Meeting in this former capital of the Ottoman Empire — that once also ruled Iraq — alliance chiefs sought to use the gathering to stitch closed deep rifts over the American-led invasion that toppled Saddam Hussein.

“We are united in our support for the Iraqi people and offer full cooperation to the new sovereign interim government as it seeks to strengthen internal security,” the 26 leaders said in a statement.

But differences were evident even over the scope of the military training operation. France and Germany, erstwhile opponents of putting NATO troops in Iraq, rejected U.S. hopes that a training mission could become a high-profile alliance presence in the Iraq.

“It is not in the mission conferred upon NATO, so it won’t happen,” said French President Jacques Chirac. “Any trace of NATO on Iraqi soil was considered as inopportune.”

Chirac and German Chancellor Gerhard Schroeder both said they would be sending no military instructors to Iraq, insisting any training would be outside the country.

“There will be no military engagement of our own, no German soldiers in Iraq,” Schroeder told reporters. He said Germany would provide army training facilities besides its ongoing work of instructing Iraq police officers in the United Arab Emirates.

NATO leaders were united in welcoming the decision to hand power to the Iraqis.

“We are naturally delighted. In my eyes, the return of Iraq’s sovereignty is a necessary condition although, alas, not sufficient, for restoring peace,” said Chirac who added he’d learned the news from President Bush on Monday morning.

In their statement, the NATO leaders declared “we have decided today to offer NATO’s assistance to the government of Iraq with the training of its security forces.”

The statement said allies would “consider, as a matter of urgency … further proposals to support the nascent Iraqi security institutions.”

Help for Afghanistan

In a move that should ease the burden on U.S. troops fighting Taliban-led insurgents, the 26 leaders also agreed to extend NATO’s peacekeeping mission in Afghanistan by sending more than 3,000 additional troops to bolster security for September elections. NATO will also send permanent military teams to four more cities as part of phased expansion out of the capital, Kabul.

“It’s right for NATO to step up to the mat today and say, ‘we are going to extend the role of the security force,”‘ said Bush. “It’s right for us to look at the measures we need urgently in order to give the protection for the Afghans as they approach their September election date.”

Chirac, however, sparred with Bush about Afghanistan, rejecting a suggestion from U.S. Defense Secretary Donald H. Rumsfeld that NATO deploy its elite new response force to protect the elections.

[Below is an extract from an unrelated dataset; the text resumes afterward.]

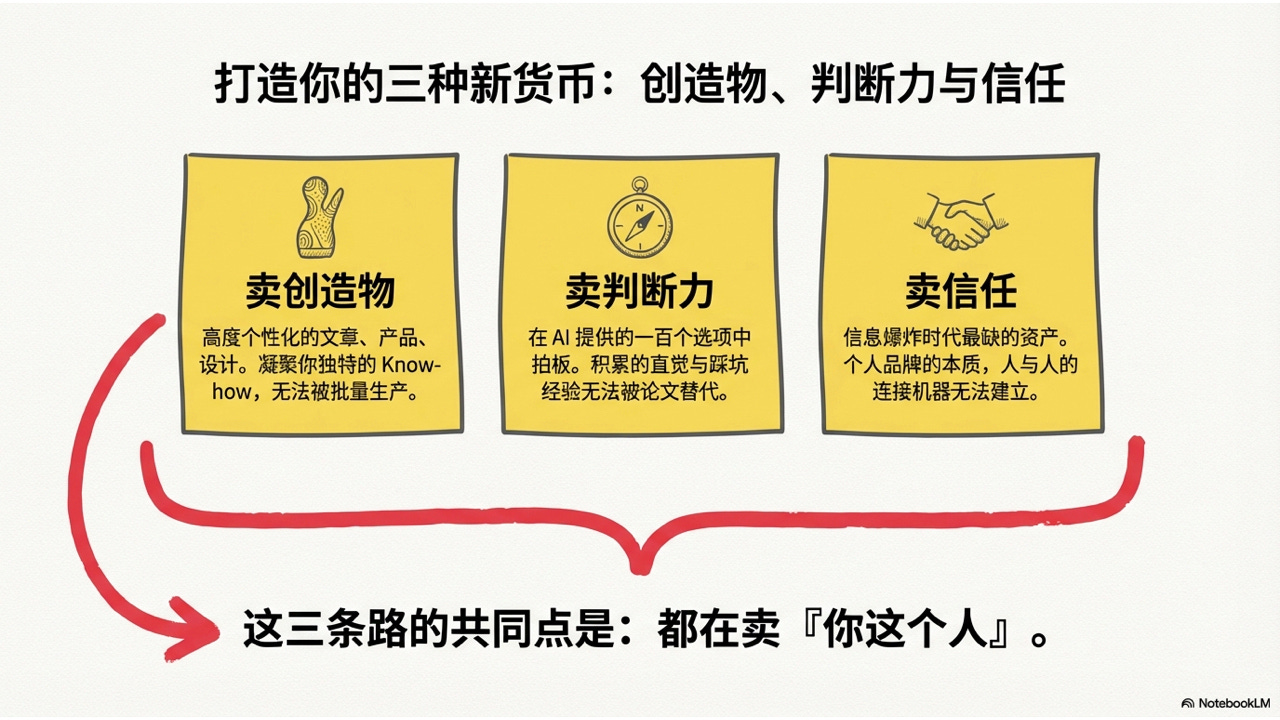 卖创造物、卖判断力、卖信任——这三条路的共同点是:都是在卖”你这个人”。你的经验、你的眼光、你的人格、你的独特性。

That force is “meant to act in a known crisis, which is obviously not the case in Afghanistan today,” Chirac told reporters. He added that a “NATO presence too clear, too numerous, is perhaps not what is politically the wisest and most reasonable thing ahead of an election.”

While NATO expands its Afghan mission, the leaders agreed to end its peacekeeping operation in Bosnia after nine years, handing responsibility for the 7,500-strong mission to the European Union at the end of the year.

Protests disruptive

Meanwhile, hundreds of protesters hurled fire-bombs and stones at police Monday as they tried to reach the conference center where NATO leaders were meeting. Police used tear gas and water cannons to stop the crowd.

The clashes took place in two Istanbul neighborhoods about two miles from a barricaded zone in the center of the city where the NATO leaders were meeting.